ASP is used widely. 
*Advantages of ASP are:* 

* Script Language-independent: ASP allows to use VBScript, Jscript or Perl ("perlscript") and have it executed on the server without having to learn another scripting language. 
* Utilize COM components from your web server - reuse any functionality built using COM components for your company's software product can on your website through ASP pages. ASP is the connection between the conventional software and the web site. 
* ODBC links to any data source 
* No compilation (saves time, but also a disadvantage) 
* You can use server-side Active components (DLLS). 


*Disadvantages of ASP: * 

* Only on Windows NT / IIS 
* SLOW! Comparable ASP code even on a dual-processor 600 MHz Pentium III server will execute significantly slower than a php solution on a 133 MHz single processor machine. 
* No compilation - but compilers do find errors. Debugging is trial-and-error 




php was developed by a guy named Phil to improve his homepage. Thus the name php 'Phil's HomePage'). php originally based on perl, I believe. Most of php's syntax is borrowed from C, although there are elements borrowed from Perl, C++ and Java as well. 

*Advantages of php: * 

* easy connection to databases, connectivity to most databases including mysql, Oracle, Sybase and ODBC 
* open-source, cross-platform 
* close to the (Unix) operating system, most php functions are thin wrappers to familiar functions - if you are a C programmer, that is. 
* php is available as an Apache module (besides as a CGI binary) - the tight integration makes it execute faster than ASP scripting. 

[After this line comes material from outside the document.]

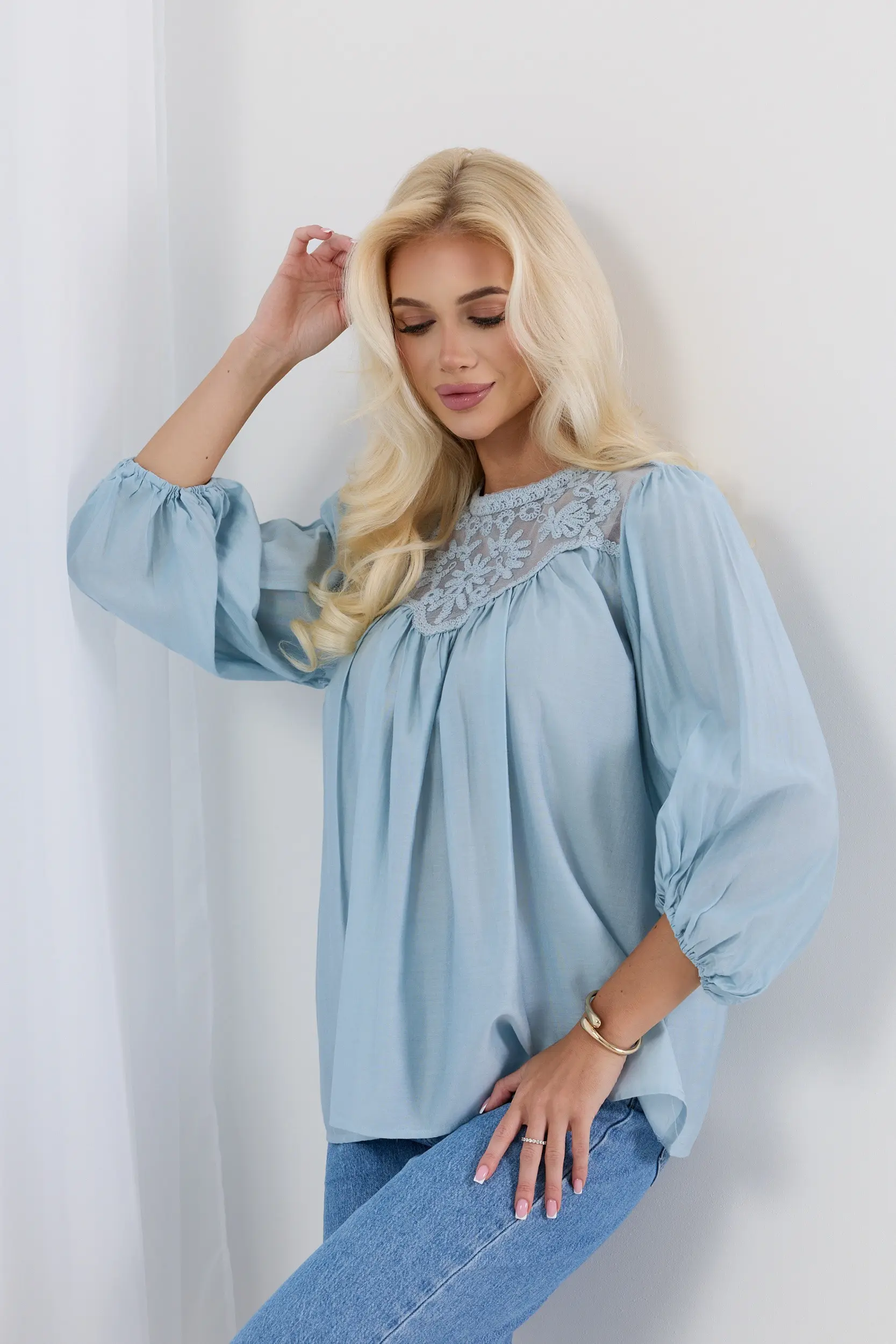 Bluzka wykonana z lekkiego materiału, charakteryzuje się swobodnym krojem typu babydoll, który zapewnia komfort. Zdobiona koronkowymi wstawkami z motywem kwiatowym przy dekolcie. Długie, bufiaste rękawy wykończone elastycznymi mankietami nadają fasonowi objętości i nowoczesnego charakteru.

Now perl - that's the language that I use for my personal sites, such as delphifaq.com and preview.org. 
*Advantages of perl* 

* Freely available for all platforms 
* Can be compiled into a C executable and then it is the fastest language in this article 
* Has been around longer than the competition - therefore hundreds of powerful packages have been developed and are available for free. (Not all of these packages are web-related.) 
* Very high level of functionality can save hundreds of lines of code - example "the ` operator": 
$listing = `dir`; 
This statement executes the dir command ("show directory") on your computer and reads the result into a string identifier $listing. To do this in Java, you need many lines of code. 


*Disadvantages of perl* 

* Very forgiving language - not an "industrial strength language" (as Java is) 
* perl code is possibly hard to maintain later 
* perl often allows several ways to write something and it can be difficult to read someone else's code. "Advanced perl" syntax can be cryptic and unreadable to the beginner. 



At work, I develop mostly with Java (and some perl for throw-away tools). Java can be used both server and client-side. I will concentrate on server-side execution here. 

*Advantages of Java are:* 

* Portable (cross-platform) without recompiling 
* Truly object oriented from ground up - no artificial "object oriented extensions" as in perl 
* Very suitable for advanced development techniques as distributed computing or multithreading 
* Java is a "real" language with type checking etc, highly secure and reliable 
* Can be used both for web development as for 'regular' applications. It is a nice thing to use one language for many or even all tasks. 
* Fast, if you use the right Java environment 


*Disadvantages of Java:* 

* May be a 'too-big' solution for some small sites 



*Conclusion & Recommendation* 

Java is the only language (in this article) that is suitable for large-scale development. I cannot recommend the other 3 languages discussed here for large programs or real time environments but especially perl is good for prototyping, little tools or web development. (Yes, that seems to contradict itself, web sites *can* be large projects). 

If you work in an environment that is tied to Microsoft already then you can take advantage of ASP because it lets you (maybe) reuse existing code from your applications. In this case, you will not really look into getting your web site hosted, but run your own web server on Windows NT. 


If you start fresh or work in a Unix environment and just want to develop a web site, then I would recommend php for smaller projects. Most of the cheap web hosting companies will offer an environment of Apache, php, perl, mysql for under $20 a month. They usually are very good at fine-tuning their machines. 

If you will develop code in a company that also does other application development, then I recommend Java, especially if you can use Java for the application development as well. Basically, the bigger the project, the more suitable is Java - it just scales better if you need more performance. 

If you have a small web site and you use already perl, then there is no reason to convert. I started my site with perl 4 years ago, have worked with the other tools but never re-wrote my whole site. It is not worth it and perl is still a good choice for this kind of job. 

If you want to use ASP for your personal site (I cannot recommend it, I cannot see much of a reason for it), then you have to look for the few, a little more expensive web hosts that proudly advertise "We run all Microsoft Software" - as if that was an advantage, haha. 

From this site 
Okay, hope the pro and cons really helps on what your trying to do and stuff.


----------



## -WOLF-

To put it simply, I'd call PHP for most web-based general coding... Java for perhaps web-based apps and such, and ASP for more serious development


----------



## Ninjaboi

Lol I think WOLF just summed it up there .


----------



## cagrinsoni

I wish I had taken an ASP course in College. If you know any Perl or C then I think PHP is kind of intuitive so it's easier to learn. I think ASP's functions look more object oriented, making it more powerful and scalable (correct me if wrong anyone). I'd be inclined to agree with Wolf!

I'd go with the ASP course. it might be easier to learn PHP and Java on your own later if you don't mind a little self-study.


----------



## jassmine12

I will choose PHP..


----------